Generating test data is an interesting task that poses at least two immediate questions:
How realistic should the data be? Generating detailed data and distributing it in a way that resembles reality might require some effort so one might need to break the process in steps. First, generate the data, perhaps using a script to mimic complex real-life behaviour, and second load it in the database. On the other hand, if there is no need for realistic data, generation and load can be done much faster by working directly on the database.
How much data is needed? This question relates directly to time constraints - i.e. how much data do you want and have much time do you have? Obviously, generating a few data points is much faster than generating lots of it.

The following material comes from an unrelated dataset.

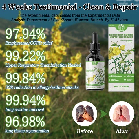 Breathe-Right Herbal Drops are absorbed sublingually. The ingredients act on the lungs and respiratory system through the blood, stimulate and thin the mucus in the trachea and lungs, help expel phlegm and lung residues within 2 hours, dredging the airway. It can also help correct your immune system, reduce allergic reactions through desensitization therapy, and effectively treat diseases such as respiratory allergies/asthma. The fifth-generation human modified protein repair factor created by our research team, combined with the extracts of mullein and Dendrobium officinale, helps the regeneration of lung trachea and alveolar tissue, giving you a healthy and unobstructed lung.

In this case, we had a clear reporting scenario in mind that required a large volume of fairly-realistic time-series data. What we actually wanted to know was how plain PostgreSQL compared against Timescale when it came to building reports based on SQL queries. I started by generating pretty realistic data in Python. Using a simple for loop at first, but soon after I realised that to generate the volume we had in mind - around 300 million records - I needed to speed up the process. Applying the multiprocessing library the process we could generate data 5 times faster. That meant that generating around 300 million records could be done in about 30 minutes.
Number or records |
for loop |
for loop + multiprocessing |
||||||||
---|---|---|---|---|---|---|---|---|---|---|
1 million | 21.186 s | 4.201 s | ||||||||
10 million | 206.069 s | 42.458 s | ||||||||
100 million | 1,891.245 s | 593.367 s |
The second step was to load the data, in this case on a PostgreSQL instance running locally on Docker, and these were the results:
Number of records | Seconds to load | ||||
---|---|---|---|---|---|
10, 000 | 0.182 | ||||
100, 000 | 1.691 | ||||
1,000, 000 | 29.102 | ||||
10,000,000* | 3,559.772 |
* The data was loaded in batches of CSV files containing 1 million records each. There seems to be a sweet spot in the batch size that enhances performance and allows to load data faster. Files containing 1 million records are way over already, I suspect something in the 100K rows is probably closer to it. That is something worth looking into to streamline the load.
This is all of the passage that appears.